- [Your task]
The material below is to be copied exactly from the line with "1906 MCA $25" up to and including the line with "KUPIT-PLATYE.RU, интернет-магазин по", with nothing else kept and no pictures.

- [Supplied records]
____________________

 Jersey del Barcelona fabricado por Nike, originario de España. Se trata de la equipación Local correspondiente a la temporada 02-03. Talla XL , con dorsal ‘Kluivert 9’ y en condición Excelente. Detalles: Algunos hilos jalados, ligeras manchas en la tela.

____________________

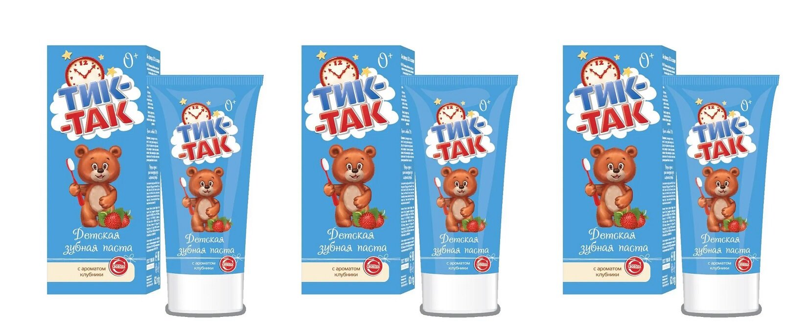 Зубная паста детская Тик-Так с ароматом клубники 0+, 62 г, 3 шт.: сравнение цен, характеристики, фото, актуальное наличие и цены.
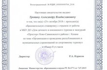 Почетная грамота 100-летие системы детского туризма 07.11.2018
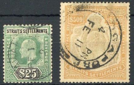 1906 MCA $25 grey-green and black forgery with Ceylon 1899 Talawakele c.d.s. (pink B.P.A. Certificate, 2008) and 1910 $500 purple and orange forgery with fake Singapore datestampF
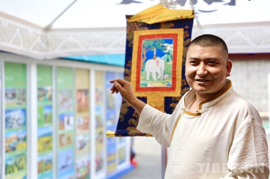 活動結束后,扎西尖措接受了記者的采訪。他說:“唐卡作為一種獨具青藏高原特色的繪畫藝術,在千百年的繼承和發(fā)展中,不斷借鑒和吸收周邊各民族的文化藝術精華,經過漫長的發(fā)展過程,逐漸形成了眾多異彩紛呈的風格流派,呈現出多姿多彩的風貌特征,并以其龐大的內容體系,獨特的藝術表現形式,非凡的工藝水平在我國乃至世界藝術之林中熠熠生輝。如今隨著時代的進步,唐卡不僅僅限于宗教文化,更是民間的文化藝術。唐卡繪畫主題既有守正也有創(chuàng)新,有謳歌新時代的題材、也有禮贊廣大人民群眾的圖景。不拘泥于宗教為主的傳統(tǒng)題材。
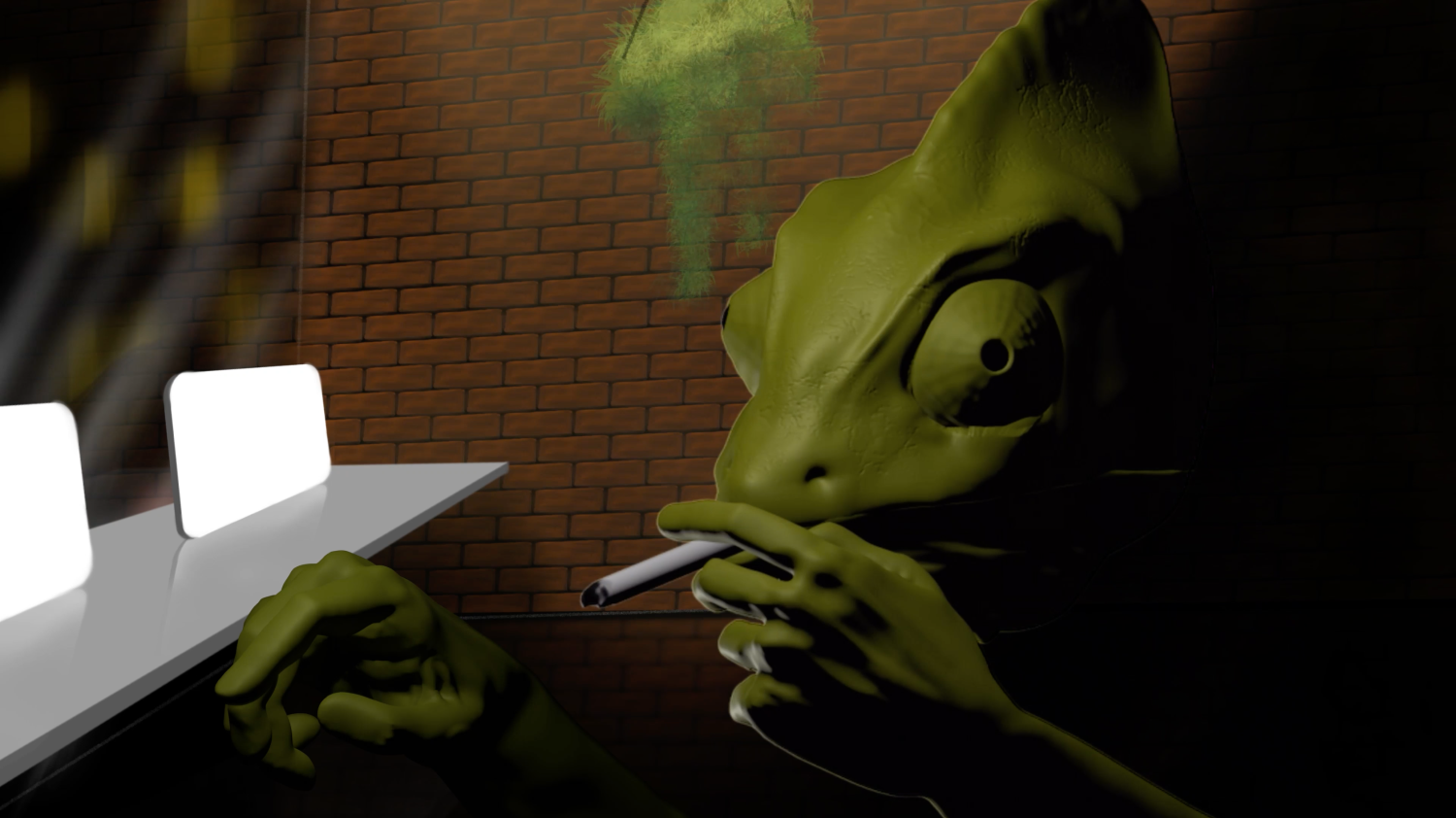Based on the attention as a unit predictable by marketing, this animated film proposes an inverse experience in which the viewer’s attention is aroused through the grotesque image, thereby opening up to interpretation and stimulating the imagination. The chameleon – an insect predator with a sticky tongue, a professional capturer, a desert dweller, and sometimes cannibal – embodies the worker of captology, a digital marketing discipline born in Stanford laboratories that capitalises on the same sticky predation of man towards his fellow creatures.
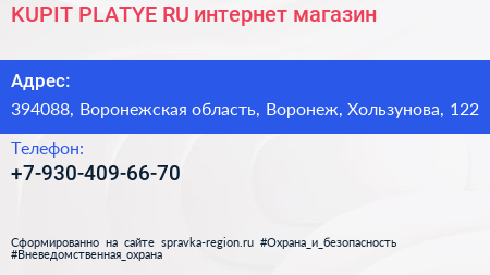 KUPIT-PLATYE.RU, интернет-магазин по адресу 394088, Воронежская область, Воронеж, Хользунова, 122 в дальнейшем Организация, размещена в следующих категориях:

____________________

- [Solved exercise]
 1906 MCA $25 grey-green and black forgery with Ceylon 1899 Talawakele c.d.s. (pink B.P.A. Certificate, 2008) and 1910 $500 purple and orange forgery with fake Singapore datestampF
 活動結束后,扎西尖措接受了記者的采訪。他說:“唐卡作為一種獨具青藏高原特色的繪畫藝術,在千百年的繼承和發(fā)展中,不斷借鑒和吸收周邊各民族的文化藝術精華,經過漫長的發(fā)展過程,逐漸形成了眾多異彩紛呈的風格流派,呈現出多姿多彩的風貌特征,并以其龐大的內容體系,獨特的藝術表現形式,非凡的工藝水平在我國乃至世界藝術之林中熠熠生輝。如今隨著時代的進步,唐卡不僅僅限于宗教文化,更是民間的文化藝術。唐卡繪畫主題既有守正也有創(chuàng)新,有謳歌新時代的題材、也有禮贊廣大人民群眾的圖景。不拘泥于宗教為主的傳統(tǒng)題材。
Based on the attention as a unit predictable by marketing, this animated film proposes an inverse experience in which the viewer’s attention is aroused through the grotesque image, thereby opening up to interpretation and stimulating the imagination. The chameleon – an insect predator with a sticky tongue, a professional capturer, a desert dweller, and sometimes cannibal – embodies the worker of captology, a digital marketing discipline born in Stanford laboratories that capitalises on the same sticky predation of man towards his fellow creatures.
 KUPIT-PLATYE.RU, интернет-магазин по адресу 394088, Воронежская область, Воронеж, Хользунова, 122 в дальнейшем Организация, размещена в следующих категориях:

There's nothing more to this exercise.